Low Latency Profileのバッテリー寿命や発熱への影響は軽微で、CPU周波数のスパイクが短時間しか続かないため、冷却システムに影響したり電力を大きく消費したりすることはないとされています。現時点ではユーザー向けのオン/オフトグルは用意されておらず、バックグラウンドで自動的にトリガーされ、ユーザーには不可視となっています。機能はすでにWindows Insiderビルドでデフォルト有効化された状態でテストされており、Windows 11の今後の大型アップデートでの提供が見込まれています。

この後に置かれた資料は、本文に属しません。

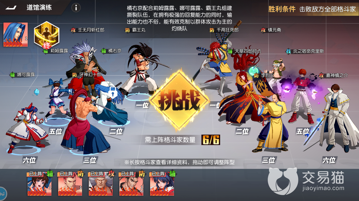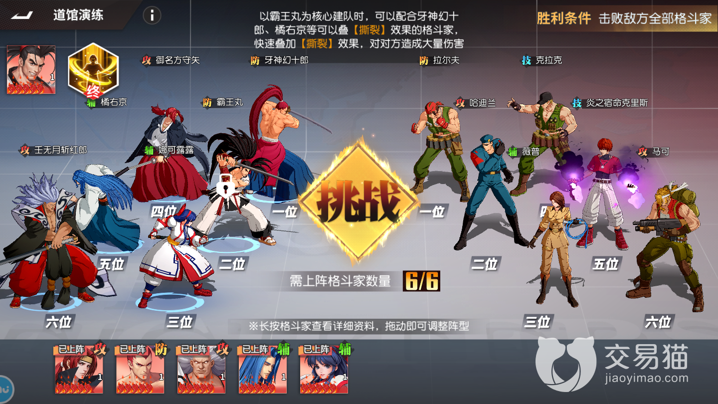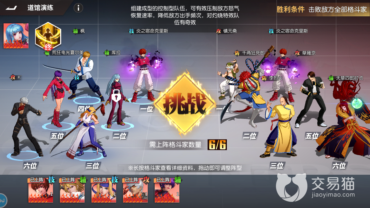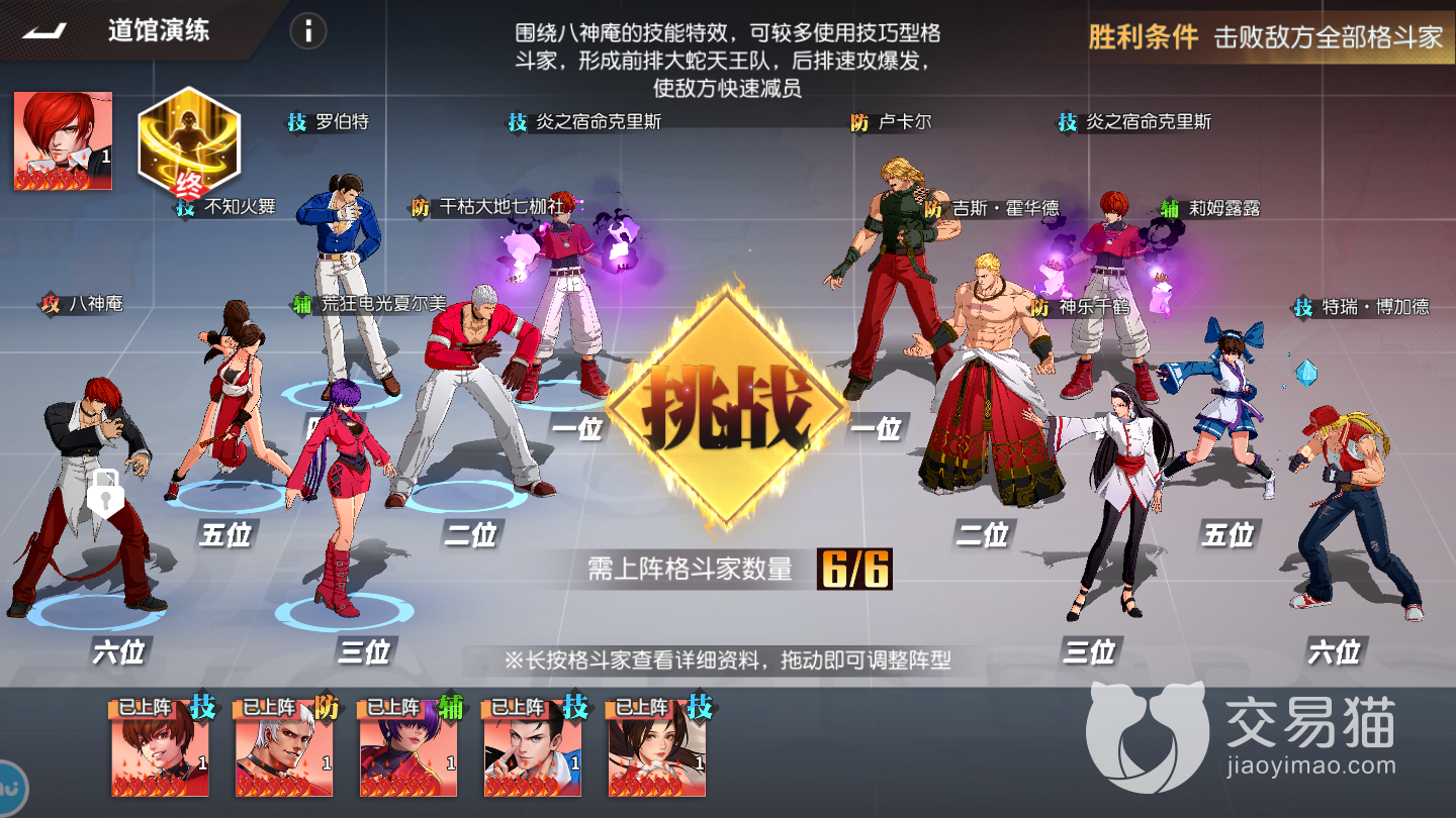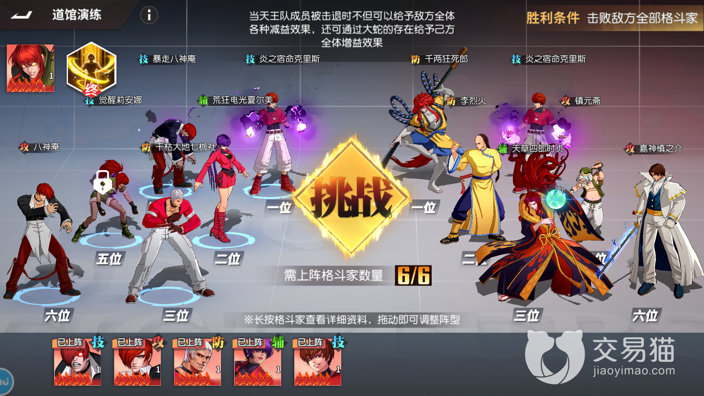 然后就是玩法特殊的八神队伍了,使用大蛇护卫三人组合加上罗神和火舞可以说是比较有针对性的队伍了,克里斯的加怒气能力可以八神快速进入状态免疫所有减怒干扰,并且追击对面血量最高的角色十有八九是对方队伍的核心,凭借八神强大的杀伤力可以快速破坏对面的阵容,而且罗和火可以使用大范围的伤害削减对面后排的输出能力,缺点是这个阵容的坦度不够而且没啥续航自保能力,八神一旦猝死游戏就结束了,好处就是角色都是比较好培养的想克和火都是玩家比较好搞到的免费角色。

Xbox組織再編の続報——リーダーシップ刷新とGame Pass値下げの実態

元記事ではAsha Sharma氏のリーダーシップ刷新と$22前後のGame Pass価格が言及されていましたが、続報でより詳細な体制と数値が判明しています。Sharma氏は2026年2月23日にPhil Spencer氏の後任としてXbox CEOに就任した経営者で、それ以前はMicrosoftのCoreAI部門のPresidentを務めていました。

項目変更前変更後
Game Pass Ultimate$30/月$23/月
PC Game Pass$16.50/月$14/月

上記のとおりGame Pass Ultimateは月額$30から$23へ、PC Game Passは$16.50から$14へと引き下げられています。体制面では、CoreAI出身のJared Palmer氏がVP of engineeringとして、Tim Allen氏がデザイン責任者としてXboxに合流しています。次世代コンソールはコードネーム「Project Helix」として開発が進められており、開発者向けアルファ版は2027年に提供予定とされています。

Q&A

Q. Project K2の機能はいつ使えるようになりますか? ポッドキャストでは具体的な提供時期は明示されていません。WinUI 3版Runボックス、Update無期限一時停止、Low Latency Profileなどが議論されましたが、対象となるWindows 11のバージョンや一般提供時期は現時点で公表されていません。

Q. Low Latency Profileで本当にアプリ起動が40%速くなりますか? Windows Centralは「could boost your app launch speeds by 40%(アプリ起動速度を最大40%高速化する可能性がある)」とヘッジ表現で紹介しています。実環境での効果はハードウェアやアプリによって変動する可能性があり、Microsoftからの公式な性能数値の発表が待たれます。

Q. XboxからCopilotが消えるのはなぜですか? Xbox OSからCopilotを削除し、Notepad等でも機能を簡素化することで、本来のユーザー体験を優先する判断に切り替えたと見られます。Copilot戦略全体の方向性については明確にされていません。